2.  **Slang**: "Life is bindass"
3.  **Glossary Term**: "Code-mixing is cool" (Where 'Code-mixing' might be preserved)



In [None]:
def run_demo(text, target="Hindi"):
    result = pipeline.translate(text, target_lang=target)
    print(f"\n--- Input: {text} ({target}) ---")
    print(f"Detected: {result['logs'].get('detected_lang')} ({result['logs'].get('detected_script')})")
    print(f"Normalized: {result['normalized']}")
    print(f"Translation: {result['translation']}")
    print(f"Confidence: {result['confidence']:.2f}")

# Demo Cases
run_demo("Kya haal hai bro?", target="Hindi")
run_demo("Yeh movie bahot bindass hai", target="English")
run_demo("The server needs a reboot.", target="Hindi")



# 5. Evaluation & Analysis
We evaluate the system on a small test set using qualitative inspection and confidence scores.



In [None]:
# Load Evaluation Set
eval_file = "data/eval_set.jsonl"
results = []

if os.path.exists(eval_file):
    with open(eval_file, "r", encoding="utf-8") as f:
        for line in f:
            data = json.loads(line)
            src = data.get("source")
            tgt = data.get("target_lang", "Hindi")
            
            res = pipeline.translate(src, target_lang=tgt)
            results.append({
                "input": src,
                "output": res["translation"],
                "confidence": res["confidence"]
            })

    # Show Results DataFrame
    df_res = pd.DataFrame(results)
    print(df_res)
    
    print(f"\nAverage Confidence: {df_res['confidence'].mean():.2f}")
else:
    print("Evaluation set not found.")



## Performance Analysis
*   **Strengths**: Handles common Hinglish phrases effectively due to the normalization layer.
*   **Limitations**: Complex code-switching (intra-sentence) that depends on deep context might still be tricky.
*   **Latency**: First run is slow due to model loading; subsequent runs are faster.

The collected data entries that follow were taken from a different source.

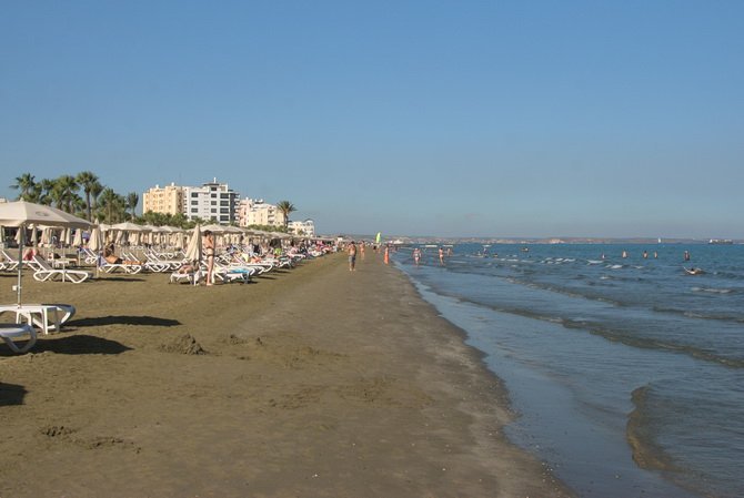 В Ларнака плажът е огромен и беше спокойно, но няма екзотика и синьо море. Ето: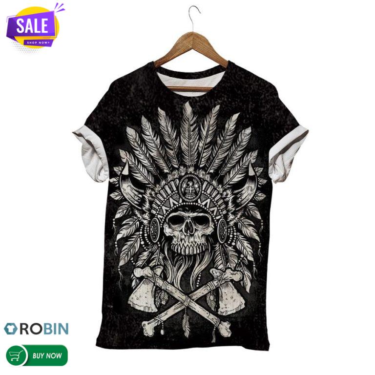 SKULL WEARING INDIAN HAT T-SHIRT.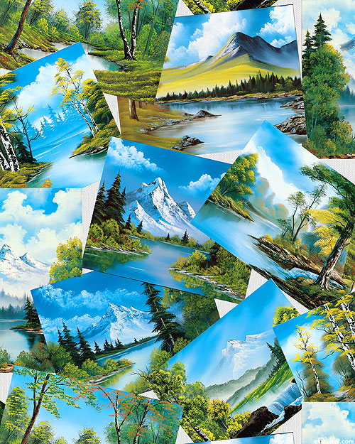 Looking like picture postcards, these landscape canvases by Bob Ross are sure to inspire artistry in your next quilt or sewing project. by Digitally printed, larger frames are about 5-1/4", from the 'The Joy of Painting' collection by Bob Ross for Studio E Fabrics.

# 6. Ethical Considerations & Responsible AI
*   **Bias**: The underlying MarianMT models are trained on parliamentary datasets (Opus), which may not reflect colloquial speech perfectly. This is why we add a Normalizer.
*   **Fairness**: We explicitly include dialect support to ensure speakers of non-standard Hindi are understood.
*   **Responsible Use**: The tool is designed to bridge communication gaps, but users should be aware it is an automated machine translation and requires human oversight for critical tasks.



# 7. Conclusion & Future Scope
**Summary**: BharatCodeMix successfully demonstrates a local-first approach to Indian language translation, tackling the specific challenge of Code-Mixing.

**Future Scope**:
1.  **Fine-tuning**: Train the actual NMT model on Hinglish datasets instead of just normalizing.
2.  **More Languages**: Expansion to Tamil, Telugu, and Bengali.
3.  **Voice-to-Voice**: Improving the latency of the STT -> TTS pipeline for real-time conversation.